Ring 2 — Cross-border

Cross-border obligations are triggered by where the data subject is, not where CyberSkill is incorporated. CyberOS does not actively process EU data subjects in P0–P2 (all employees are Vietnamese, most clients are SEA), but P3 multi-tenant readiness opens the door. Three regimes matter: GDPR for EU residents, the EU AI Act for HR/REW/LEARN flows that touch employment-decision territory, and Singapore PDPA for the HoldCo flip strategy.

🇪🇺

GDPR (Regulation EU 2016/679)

in force 2018-05-25

Triggered when CyberOS processes EU-resident personal data — P3 onward via the eu-shard. The multi-tenant architecture (PRD §8.8) already supports per-tenant region pinning to eu-central-1 with Bedrock EU endpoints.

Obligations

  • Lawful basis tracking (Art. 6 + 9)
  • DSAR within 1 month (Art. 12 + 15)
  • Right to erasure with downstream propagation (Art. 17)
  • 72-hour breach notification to DPA (Art. 33)
  • DPIA for high-risk processing (Art. 35)
  • DPA contract template for every customer
  • EU/UK Authorised Reps when no EU establishment (Art. 27)

CyberOS posture

  • eu-shard via AWS Frankfurt at P3
  • DSAR surface via CP module
  • Right-to-erasure propagates: BRAIN UPDATE → DELETE through Layer 2, timestamped tombstone in Layer 3
  • 72-h breach timer wired to OBS
  • DPA template auto-attached to every tenant contract
Penalty: up to €20 M or 4% of global turnover, whichever is higher.
🧭

EU AI Act (Regulation EU 2024/1689) — Annex III §4 focus

in force 2025-08-01 · obligations 2026-08-02

Tiers AI systems into four risk categories: prohibited, high-risk, limited-risk, minimal-risk. CUO's default classification across CyberOS modules is limited-risk (Article 50 transparency only — disclose AI interaction). Two specific module integrations are high-risk-adjacent and need explicit boundary work.

DEC-054 locked decision: No CyberOS AI feature, in any module, in any phase, produces a number or grade that ranks, scores, or classifies a person without a human-in-the-loop review on the same surface.
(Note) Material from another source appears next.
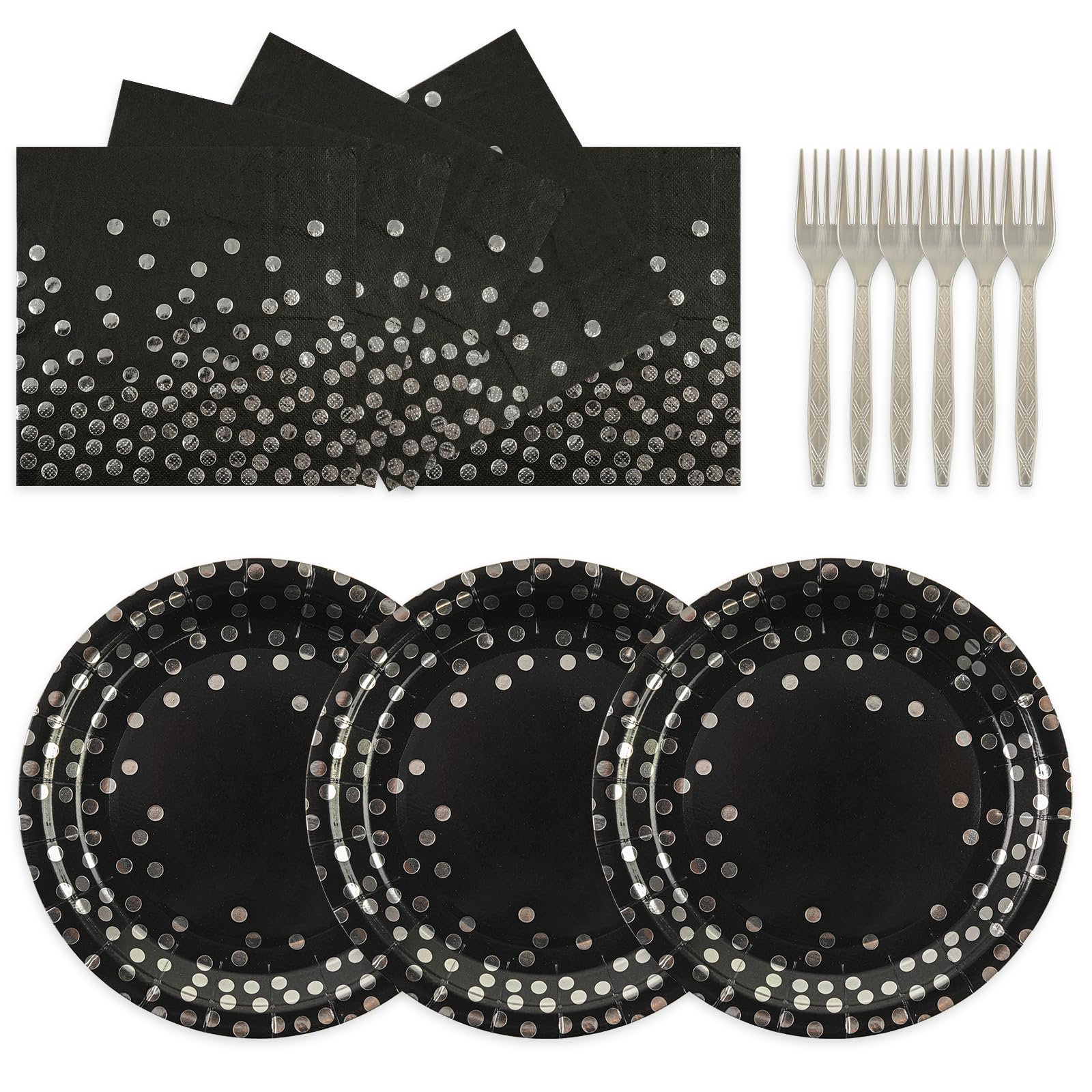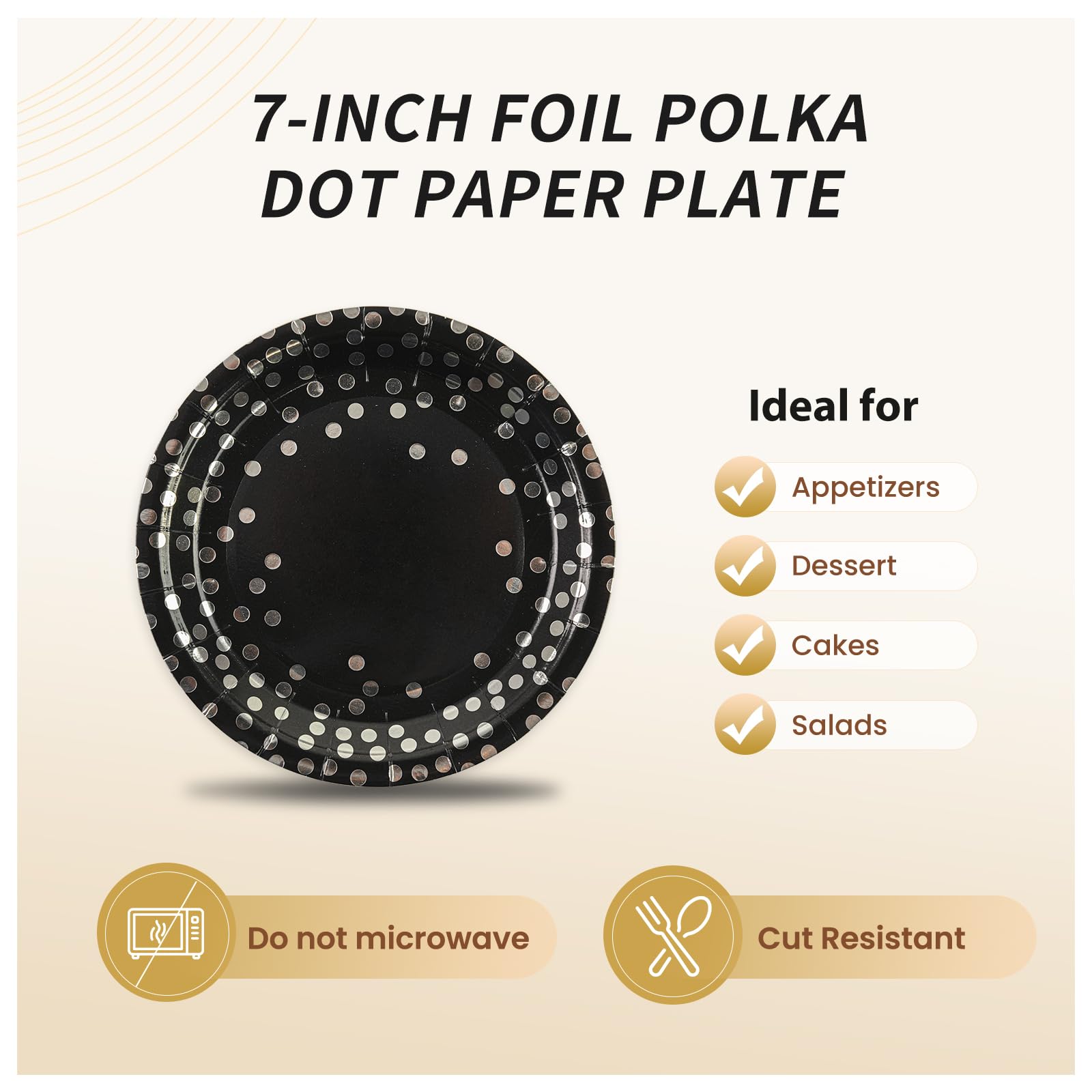 【PREMIUM GOLD FOIL DOT DESIGN】: Our black and sliver dot party paper plates and napkins are decorated with sliver polka dots. Very stylish and beautiful with gorgeous and charming colors. Your guests will love this elegant and premium design.

Drafts and summaries are permitted; rankings and scores about people are forbidden.

Annex III §4 — employment-decision high-risk

Annex III §4 covers "AI systems intended to be used for the recruitment or selection of natural persons, in particular for placing targeted job advertisements, screening or filtering applications, evaluating candidates" — and "evaluating performance, work behaviour or personal traits."

ModuleHigh-risk-adjacent flowCyberOS mitigation
HROffer-letter drafting, 1:1 prep, onboarding checklistsDrafts only · human writes the decision · CUO never assigns a score
REWPayslip narrative explainer, anomaly surfacingRead-only narrative · "payslip_explain" tool annotated read-only · compute path is deterministic SQL, not LLM
LEARNCareer-path next-step suggestion, Hội đồng peer-review summariserOutcomes-only summaries · no individual scoring · Hội đồng (human council) issues the decision
PROJCycle-review draft generation, blocker detectionDrafts/anomalies only · the human owner produces the final evaluation
RESCapacity-vs-forecast rebalancing suggestionSuggestion only · Question mode · Engineering Lead accepts/rejects

Article 50 transparency: every AI-touched UI surface carries a small persistent badge (model, persona version, intervention mode) — Notify = ochre, Question = umber, Review = bronze (PRD §8.9 Design System). Satisfies the transparency obligation by visible design, not buried disclosure.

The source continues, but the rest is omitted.